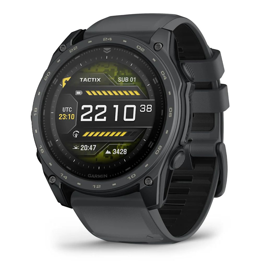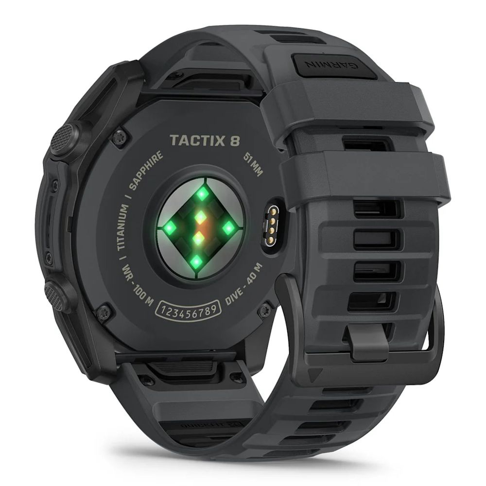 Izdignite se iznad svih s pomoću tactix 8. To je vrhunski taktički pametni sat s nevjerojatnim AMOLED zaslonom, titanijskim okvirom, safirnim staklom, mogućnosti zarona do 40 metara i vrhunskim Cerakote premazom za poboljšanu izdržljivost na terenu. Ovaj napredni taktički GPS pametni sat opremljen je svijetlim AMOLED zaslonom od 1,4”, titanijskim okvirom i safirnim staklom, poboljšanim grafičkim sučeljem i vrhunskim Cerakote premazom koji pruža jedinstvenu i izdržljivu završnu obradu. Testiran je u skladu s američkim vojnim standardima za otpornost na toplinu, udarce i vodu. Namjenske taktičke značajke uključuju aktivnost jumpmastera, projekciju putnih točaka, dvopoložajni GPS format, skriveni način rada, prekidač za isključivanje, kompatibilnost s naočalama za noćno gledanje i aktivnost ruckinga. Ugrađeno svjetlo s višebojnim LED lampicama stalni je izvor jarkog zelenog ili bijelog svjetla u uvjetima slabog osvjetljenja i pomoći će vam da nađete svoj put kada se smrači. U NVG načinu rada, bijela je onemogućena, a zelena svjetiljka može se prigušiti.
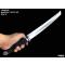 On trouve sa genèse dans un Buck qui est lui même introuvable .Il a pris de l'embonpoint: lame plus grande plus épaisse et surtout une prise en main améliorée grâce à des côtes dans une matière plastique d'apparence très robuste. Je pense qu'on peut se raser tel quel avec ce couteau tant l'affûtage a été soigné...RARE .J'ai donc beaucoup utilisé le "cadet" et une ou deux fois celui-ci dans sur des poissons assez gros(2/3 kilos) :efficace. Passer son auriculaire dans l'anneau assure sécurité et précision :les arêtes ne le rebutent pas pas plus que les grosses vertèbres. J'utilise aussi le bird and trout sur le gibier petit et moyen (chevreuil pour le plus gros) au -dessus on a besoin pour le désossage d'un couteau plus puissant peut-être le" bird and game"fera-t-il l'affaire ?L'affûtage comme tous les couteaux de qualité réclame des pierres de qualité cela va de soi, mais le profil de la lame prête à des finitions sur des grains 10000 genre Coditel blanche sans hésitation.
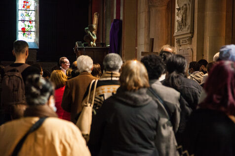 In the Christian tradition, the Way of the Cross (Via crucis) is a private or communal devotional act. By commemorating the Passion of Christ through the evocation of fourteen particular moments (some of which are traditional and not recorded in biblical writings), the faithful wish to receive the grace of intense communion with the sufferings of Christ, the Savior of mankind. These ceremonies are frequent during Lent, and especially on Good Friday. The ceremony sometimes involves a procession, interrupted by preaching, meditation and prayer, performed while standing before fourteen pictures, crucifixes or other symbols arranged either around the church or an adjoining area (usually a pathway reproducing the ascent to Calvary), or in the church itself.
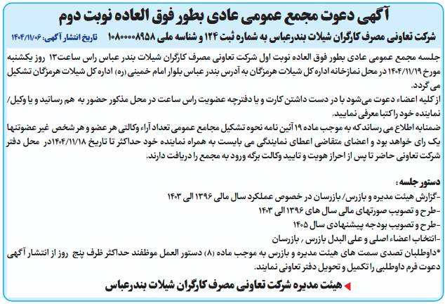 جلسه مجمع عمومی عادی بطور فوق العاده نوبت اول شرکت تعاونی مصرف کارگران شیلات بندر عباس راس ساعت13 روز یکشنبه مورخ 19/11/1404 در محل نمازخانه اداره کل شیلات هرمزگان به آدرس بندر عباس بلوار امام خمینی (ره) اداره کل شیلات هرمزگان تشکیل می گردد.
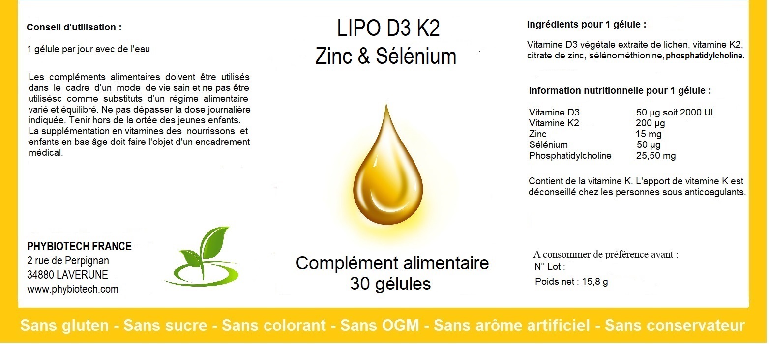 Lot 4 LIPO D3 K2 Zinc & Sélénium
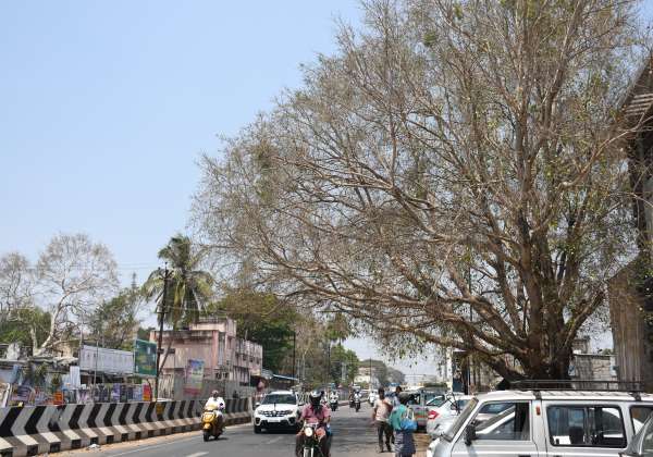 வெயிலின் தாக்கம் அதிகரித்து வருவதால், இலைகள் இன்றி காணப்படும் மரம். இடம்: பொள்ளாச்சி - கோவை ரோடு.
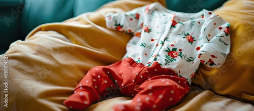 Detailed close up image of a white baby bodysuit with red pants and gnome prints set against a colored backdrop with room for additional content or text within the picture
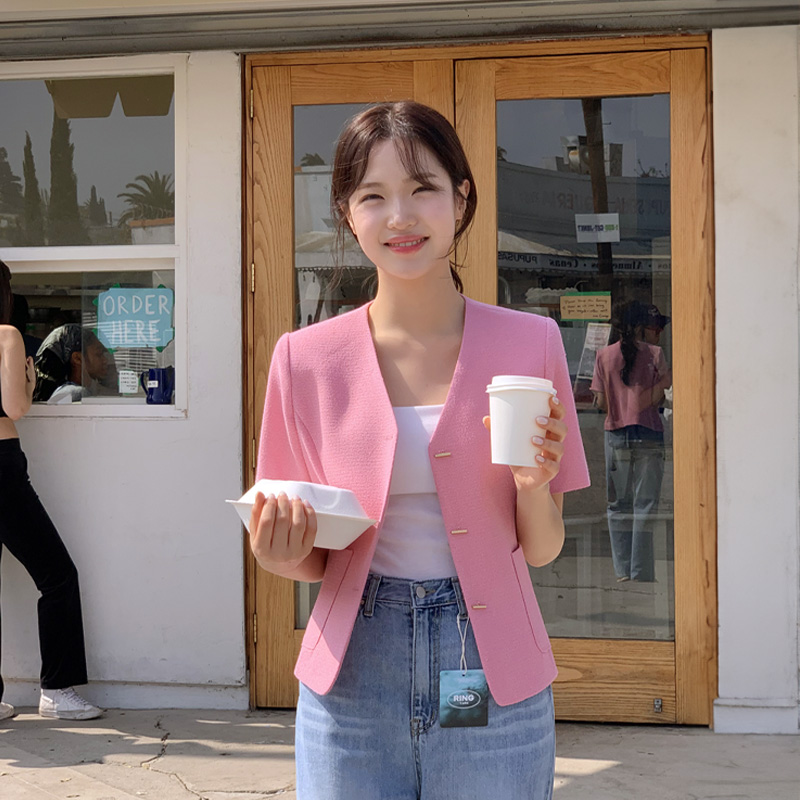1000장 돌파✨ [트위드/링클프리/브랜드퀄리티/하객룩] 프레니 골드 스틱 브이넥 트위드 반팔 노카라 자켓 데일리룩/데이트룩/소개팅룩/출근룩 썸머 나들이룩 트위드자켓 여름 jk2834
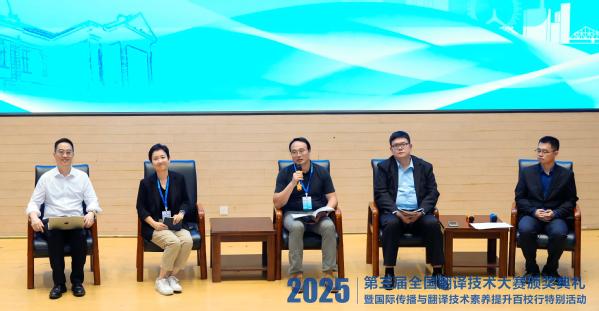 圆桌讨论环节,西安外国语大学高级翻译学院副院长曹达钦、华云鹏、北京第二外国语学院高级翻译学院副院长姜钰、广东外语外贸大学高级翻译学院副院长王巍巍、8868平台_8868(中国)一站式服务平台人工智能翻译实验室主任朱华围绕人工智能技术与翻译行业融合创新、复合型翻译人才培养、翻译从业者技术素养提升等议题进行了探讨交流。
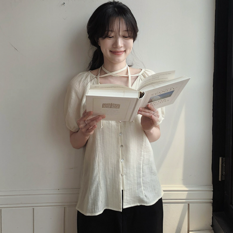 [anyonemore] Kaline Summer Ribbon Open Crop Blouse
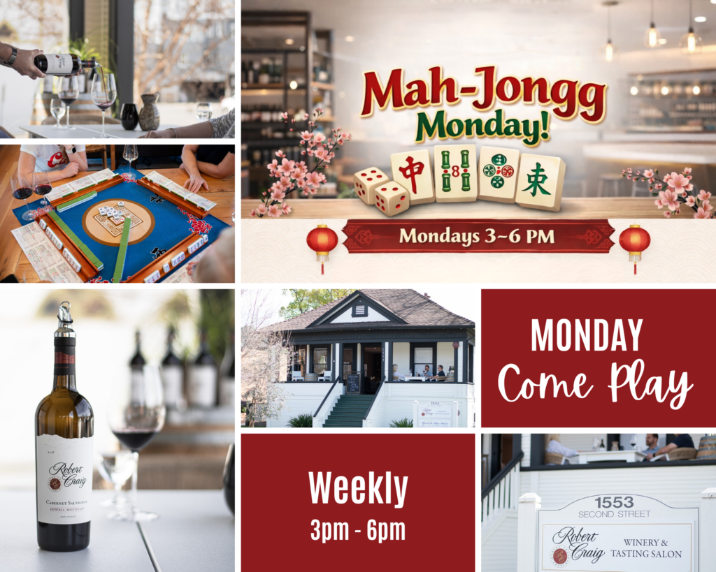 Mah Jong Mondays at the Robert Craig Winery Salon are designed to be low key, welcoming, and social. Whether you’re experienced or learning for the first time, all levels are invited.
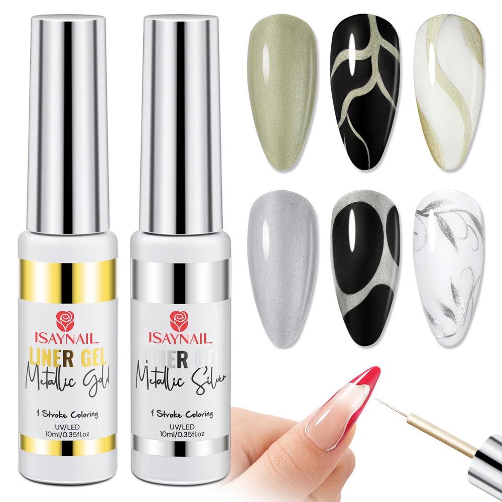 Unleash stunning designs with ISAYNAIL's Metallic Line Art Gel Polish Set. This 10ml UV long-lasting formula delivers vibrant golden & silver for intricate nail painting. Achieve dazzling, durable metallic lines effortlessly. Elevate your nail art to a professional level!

*AIM OF THE TASK*
With the pictures dropped, write out all of the entries word for word.

*TASK OUTPUT*
 Izdignite se iznad svih s pomoću tactix 8. To je vrhunski taktički pametni sat s nevjerojatnim AMOLED zaslonom, titanijskim okvirom, safirnim staklom, mogućnosti zarona do 40 metara i vrhunskim Cerakote premazom za poboljšanu izdržljivost na terenu. Ovaj napredni taktički GPS pametni sat opremljen je svijetlim AMOLED zaslonom od 1,4”, titanijskim okvirom i safirnim staklom, poboljšanim grafičkim sučeljem i vrhunskim Cerakote premazom koji pruža jedinstvenu i izdržljivu završnu obradu. Testiran je u skladu s američkim vojnim standardima za otpornost na toplinu, udarce i vodu. Namjenske taktičke značajke uključuju aktivnost jumpmastera, projekciju putnih točaka, dvopoložajni GPS format, skriveni način rada, prekidač za isključivanje, kompatibilnost s naočalama za noćno gledanje i aktivnost ruckinga. Ugrađeno svjetlo s višebojnim LED lampicama stalni je izvor jarkog zelenog ili bijelog svjetla u uvjetima slabog osvjetljenja i pomoći će vam da nađete svoj put kada se smrači. U NVG načinu rada, bijela je onemogućena, a zelena svjetiljka može se prigušiti.
 On trouve sa genèse dans un Buck qui est lui même introuvable .Il a pris de l'embonpoint: lame plus grande plus épaisse et surtout une prise en main améliorée grâce à des côtes dans une matière plastique d'apparence très robuste. Je pense qu'on peut se raser tel quel avec ce couteau tant l'affûtage a été soigné...RARE .J'ai donc beaucoup utilisé le "cadet" et une ou deux fois celui-ci dans sur des poissons assez gros(2/3 kilos) :efficace. Passer son auriculaire dans l'anneau assure sécurité et précision :les arêtes ne le rebutent pas pas plus que les grosses vertèbres. J'utilise aussi le bird and trout sur le gibier petit et moyen (chevreuil pour le plus gros) au -dessus on a besoin pour le désossage d'un couteau plus puissant peut-être le" bird and game"fera-t-il l'affaire ?L'affûtage comme tous les couteaux de qualité réclame des pierres de qualité cela va de soi, mais le profil de la lame prête à des finitions sur des grains 10000 genre Coditel blanche sans hésitation.
 In the Christian tradition, the Way of the Cross (Via crucis) is a private or communal devotional act. By commemorating the Passion of Christ through the evocation of fourteen particular moments (some of which are traditional and not recorded in biblical writings), the faithful wish to receive the grace of intense communion with the sufferings of Christ, the Savior of mankind. These ceremonies are frequent during Lent, and especially on Good Friday. The ceremony sometimes involves a procession, interrupted by preaching, meditation and prayer, performed while standing before fourteen pictures, crucifixes or other symbols arranged either around the church or an adjoining area (usually a pathway reproducing the ascent to Calvary), or in the church itself.
 جلسه مجمع عمومی عادی بطور فوق العاده نوبت اول شرکت تعاونی مصرف کارگران شیلات بندر عباس راس ساعت13 روز یکشنبه مورخ 19/11/1404 در محل نمازخانه اداره کل شیلات هرمزگان به آدرس بندر عباس بلوار امام خمینی (ره) اداره کل شیلات هرمزگان تشکیل می گردد.
 Lot 4 LIPO D3 K2 Zinc & Sélénium
 வெயிலின் தாக்கம் அதிகரித்து வருவதால், இலைகள் இன்றி காணப்படும் மரம். இடம்: பொள்ளாச்சி - கோவை ரோடு.
 Detailed close up image of a white baby bodysuit with red pants and gnome prints set against a colored backdrop with room for additional content or text within the picture
1000장 돌파✨ [트위드/링클프리/브랜드퀄리티/하객룩] 프레니 골드 스틱 브이넥 트위드 반팔 노카라 자켓 데일리룩/데이트룩/소개팅룩/출근룩 썸머 나들이룩 트위드자켓 여름 jk2834
 圆桌讨论环节,西安外国语大学高级翻译学院副院长曹达钦、华云鹏、北京第二外国语学院高级翻译学院副院长姜钰、广东外语外贸大学高级翻译学院副院长王巍巍、8868平台_8868(中国)一站式服务平台人工智能翻译实验室主任朱华围绕人工智能技术与翻译行业融合创新、复合型翻译人才培养、翻译从业者技术素养提升等议题进行了探讨交流。
 [anyonemore] Kaline Summer Ribbon Open Crop Blouse
 Mah Jong Mondays at the Robert Craig Winery Salon are designed to be low key, welcoming, and social. Whether you’re experienced or learning for the first time, all levels are invited.
 Unleash stunning designs with ISAYNAIL's Metallic Line Art Gel Polish Set. This 10ml UV long-lasting formula delivers vibrant golden & silver for intricate nail painting. Achieve dazzling, durable metallic lines effortlessly. Elevate your nail art to a professional level!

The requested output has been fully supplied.